You’ve probably seen it first hand: leadership sets the climate of transparency and vulnerability in the organization (or lack thereof). Diversity flows naturally from proactive and non-discriminatory hiring practices driven by leadership that understands the business advantages of a representative workforce. Inclusion follows where CEOs, chief people officers (CPOs), and other executives lead through courage, truth, and example.

At its core, this has everything to do with prioritizing mental health. No company can claim a commitment to employee wellness until people can deal with their stresses or worries openly and find help. Of course, wellness extends to inclusion and belonging. Until historically excluded minorities, whether based on race and ethnicity or sexual and gender preference, can express themselves, dress, and share their ideas and perspectives openly — within social and business norms — creativity and innovation will suffer. More importantly, workplace belonging and wellness cannot emerge until everyone enjoys psychological safety and can bring all of their constructive thoughts, ideas, humor, and perspectives to work.

When it comes to execution, effective leaders and organizations first make their commitment known and set strategic goals around diversity (as above, this should include implications for the culture and employee engagement). Then, as an organization matures and progresses, it integrates consideration of diversity factors into every important decision and every aspect of the business — from eliminating biases in hiring, celebrating ethnic holidays, offering training where appropriate, to checking the culture itself for systemic biases. Ultimately, leaders make a public commitment to change, including openness in sharing data around hiring, pay, promotions, and minority representation in senior positions.

Diversity and Inclusion Confer Competitive Advantage

In the digital era we inhabit, literally everything organizations achieve depends on people. Everyone competes for the same talent, every successful leader understands they must compensate competitively, invest in employees’ learning and development, and provide the resources workers need to do their jobs effectively. Most know and believe in the overwhelming evidence that employee engagement drives higher productivity, better business outcomes, and lower attrition. Thus, failure to engage, include, and leverage the full talents of the workplace represents not only a moral lapse — it invites disaster.
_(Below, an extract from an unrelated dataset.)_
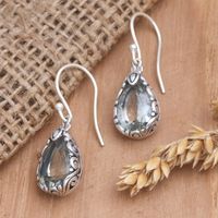 The blue topaz is so clear and beautiful. The craftsmanship of both earrings excellent. I love wearing these. I've been looking for years for something like these earrings. Perfect size and color. Thank you Komang!

It exposes unfitness for executive office.

Great leaders know they won’t always get it right, but they work with other experts, listen to their employees, keep learning, and set the intention to create a vibrant, healthy workplace and culture that embraces diversity. This requires tremendous courage and empathy but results in stronger, more innovative and resilient organizations more capable of attracting and keeping top talent.

If we can help you on your journey, visit DEI360.org.

Let’s share experiences. Leave a comment below, send me an email, or find me on Twitter.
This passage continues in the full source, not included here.